» Assigned task: Return only the lines below starting at the line containing "Cute Cavalier King" and ending at the line containing "Square banner with", both included, exactly as they are and with no pictures.

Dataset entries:
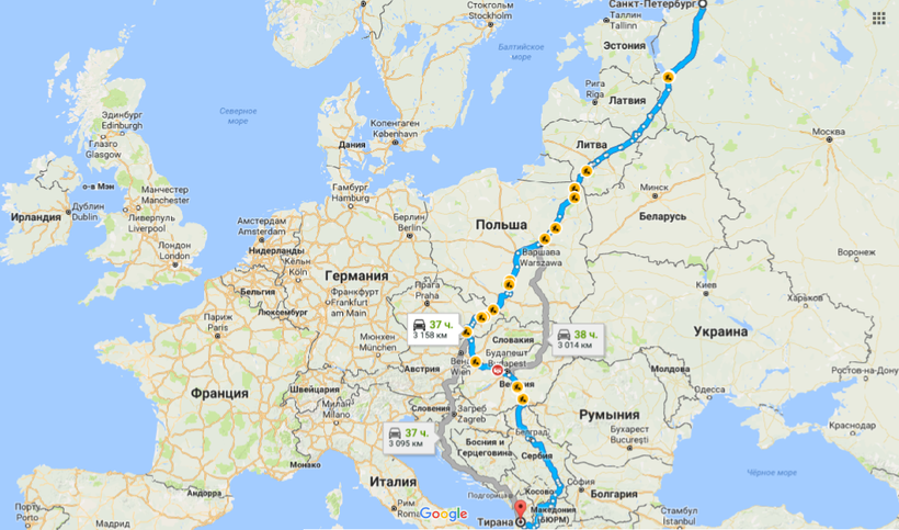 В случае пути из Санкт-Петербурга дорога займет больше времени, так как протяженность пути больше 3000 километров. В целях безопасности пути, советую устроить минимум две ночевки (например, в Варшаве и Белграде). Из трех возможных маршрутов самый оптимальный — это тот, который отмечен на карте синим цветом. В этом маршруте лучшее соотношения стоимости дорог, их качества, рельефа местности и количества пересекаемых границ.
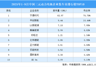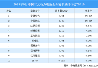 中商情报网讯:9月,我国动力电池装车量76.0GWh,环比增长21.6%,同比增长39.5%。TOP10企业动力电池装车量合计71.76GWh,市占率...[详细]
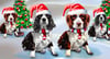 Cute Cavalier King Charles Spaniels x 2 with Christmas hat and scarf. With and without Christmas tree; 4 PNG files.
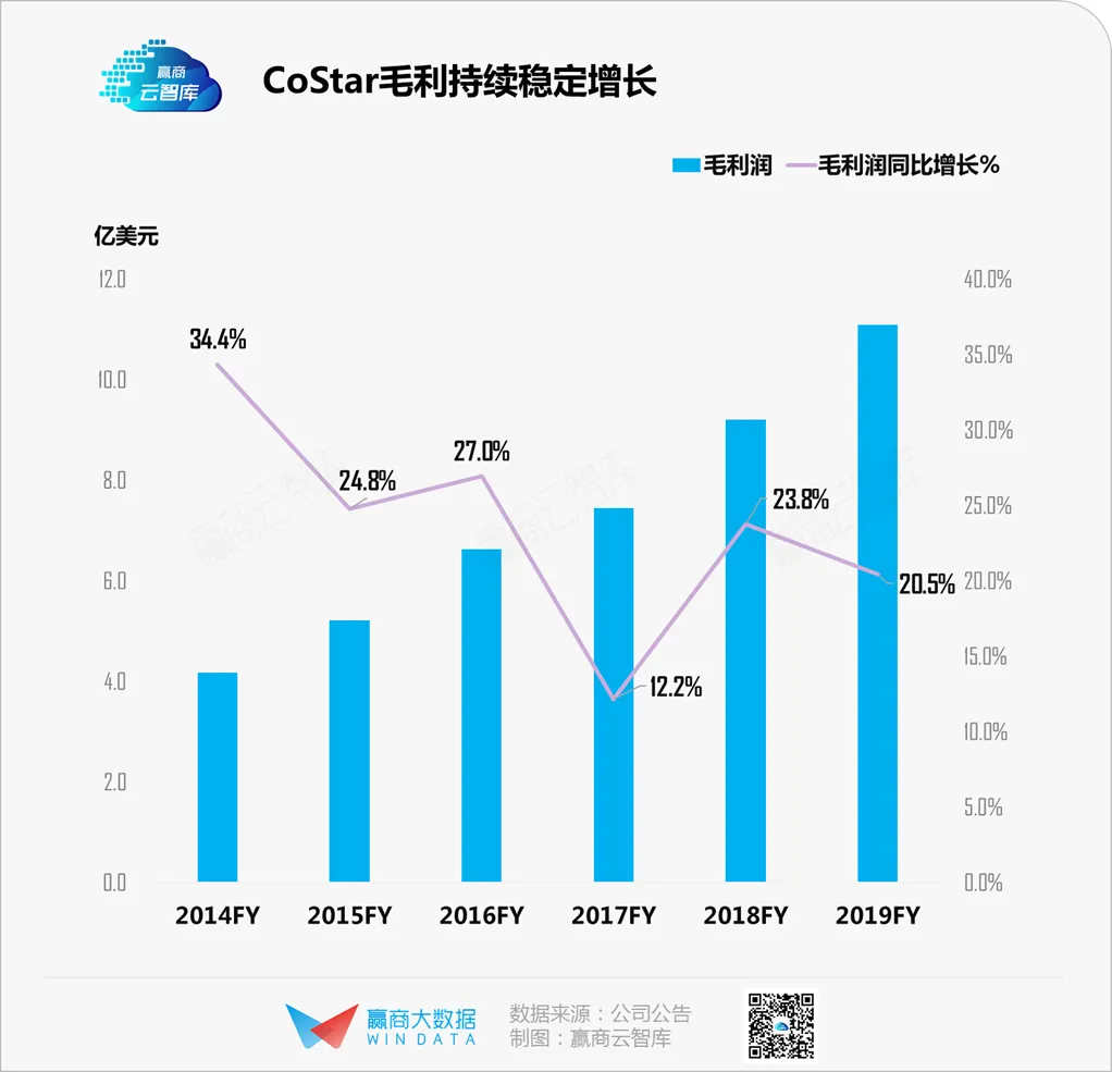 通过不断优化收入结构,2014-2019财年CoStar营收增长进入快车道,按年增速均保持在两位数以上,分别为30.61%、23.61%、17.70%、15.16%、23.52%、17.45%,高于营业成本增速,毛利稳定上扬。
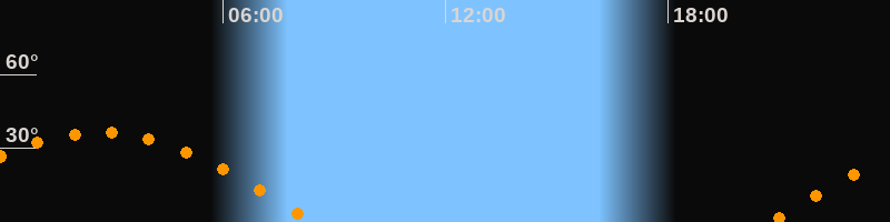 | Aufgang | 20:46 Uhr im Osten (αAz = 93,8°) |
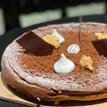 Bolo de chocolate artesanal feito com chocolate Valrhona, sem conservantes e sem estabilizantes artificiais, o que pode resultar num aspecto mais rústico e variado de peça para peça.
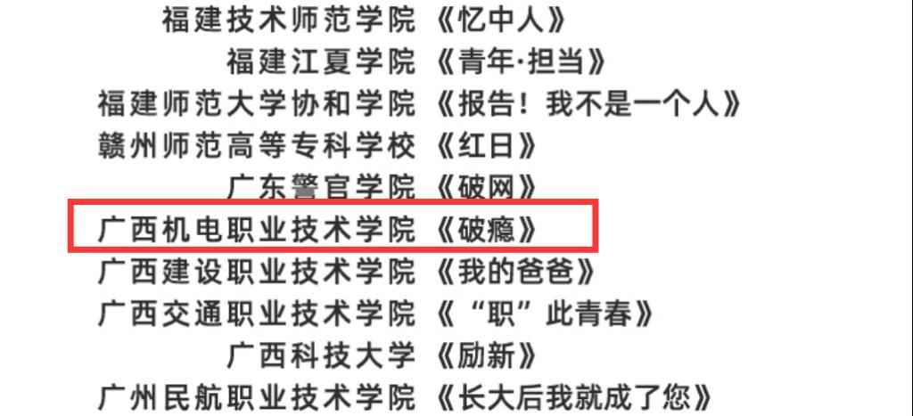 在第六届全国高校大学生微电影展示活动中,由学生向博文、杨礼诚、欧启衍、邓丽群、刘小婷等人主演,黄慧核、苏詠梅、刘靖怡、王杰、宁锦峰、赵媛六位老师指导的微电影《破瘾》获全国优秀奖。
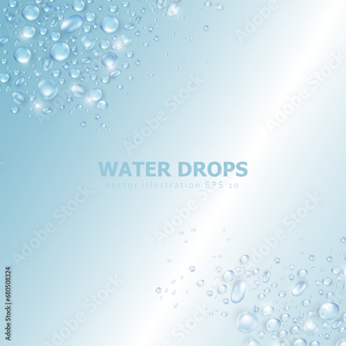Square banner with pure water drops or dew pattern as frame. Soft blue blank wallpaper with realistic 3d rain droplets or condensation on surface. Aqua fresh banner with collagen or water texture
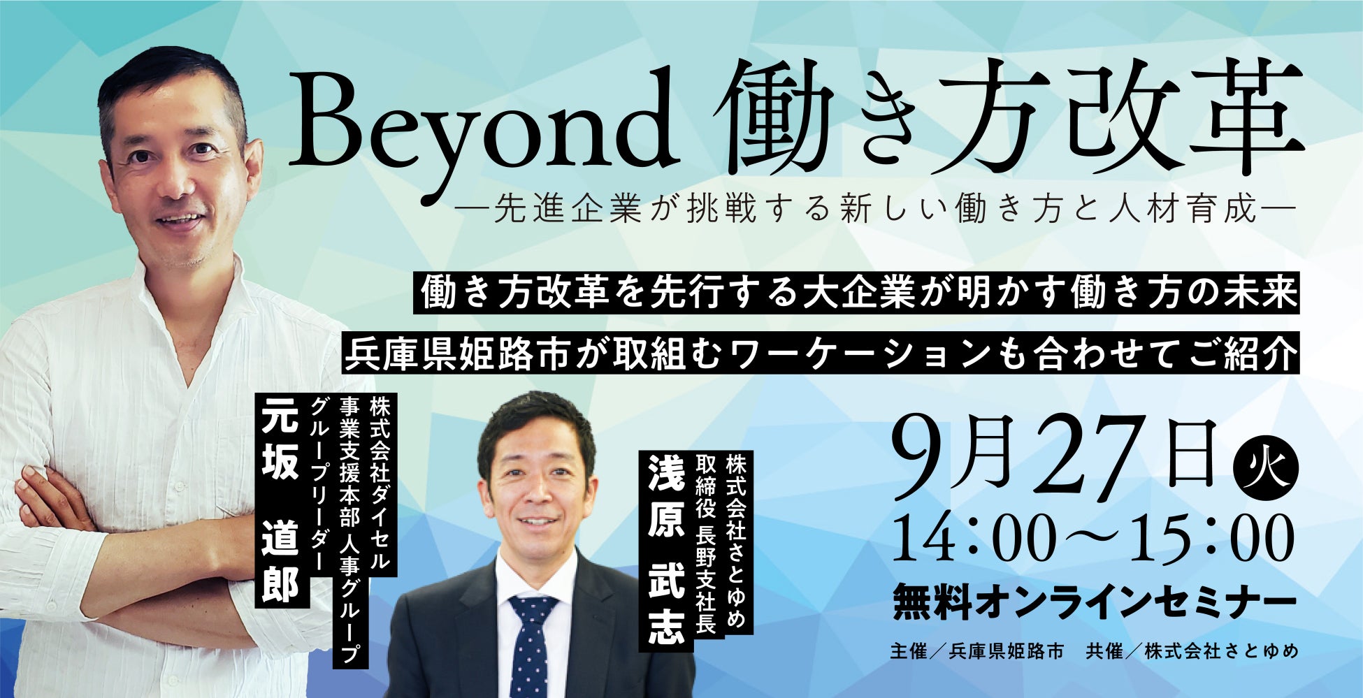 全国各地で地域活性化やビジネス創出を支援する株式会社さとゆめ(本社:東京都千代田区、代表取締役社長:嶋田俊平、以下「さとゆめ」)は、兵庫県姫路市とともに、ワーケーションを含む企業向け滞在プログラムを整備して、企業の働き方改革や健康経営を応援しています。今般、姫路市に拠点を持ち、働き方改革を積極的に進めている株式会社ダイセル(本社:大阪市、代表取締役社長:小河 義美、以下「ダイセル」)の人事部長 元坂道郎氏をお呼びして、Afterコロナ、DX時代の新たな働き方への挑戦をウェビナー形式でご紹介頂きます(2022年9月27日14:00-15:00;参加費無料)。また、姫路市とさとゆめが実施した働き方改革やワーケーションに係る調査結果、および姫路市のワーケーションプログラムもご紹介します。企業の人事や働き方改革などを担当されている方々にとって、他社の具体的な取組みや全体の潮流などを知っていただく貴重な機会になっています。是非ご参加ください!

» Task solution:
 Cute Cavalier King Charles Spaniels x 2 with Christmas hat and scarf. With and without Christmas tree; 4 PNG files.
 通过不断优化收入结构,2014-2019财年CoStar营收增长进入快车道,按年增速均保持在两位数以上,分别为30.61%、23.61%、17.70%、15.16%、23.52%、17.45%,高于营业成本增速,毛利稳定上扬。
 | Aufgang | 20:46 Uhr im Osten (αAz = 93,8°) |
 Bolo de chocolate artesanal feito com chocolate Valrhona, sem conservantes e sem estabilizantes artificiais, o que pode resultar num aspecto mais rústico e variado de peça para peça.
 在第六届全国高校大学生微电影展示活动中,由学生向博文、杨礼诚、欧启衍、邓丽群、刘小婷等人主演,黄慧核、苏詠梅、刘靖怡、王杰、宁锦峰、赵媛六位老师指导的微电影《破瘾》获全国优秀奖。
Square banner with pure water drops or dew pattern as frame. Soft blue blank wallpaper with realistic 3d rain droplets or condensation on surface. Aqua fresh banner with collagen or water texture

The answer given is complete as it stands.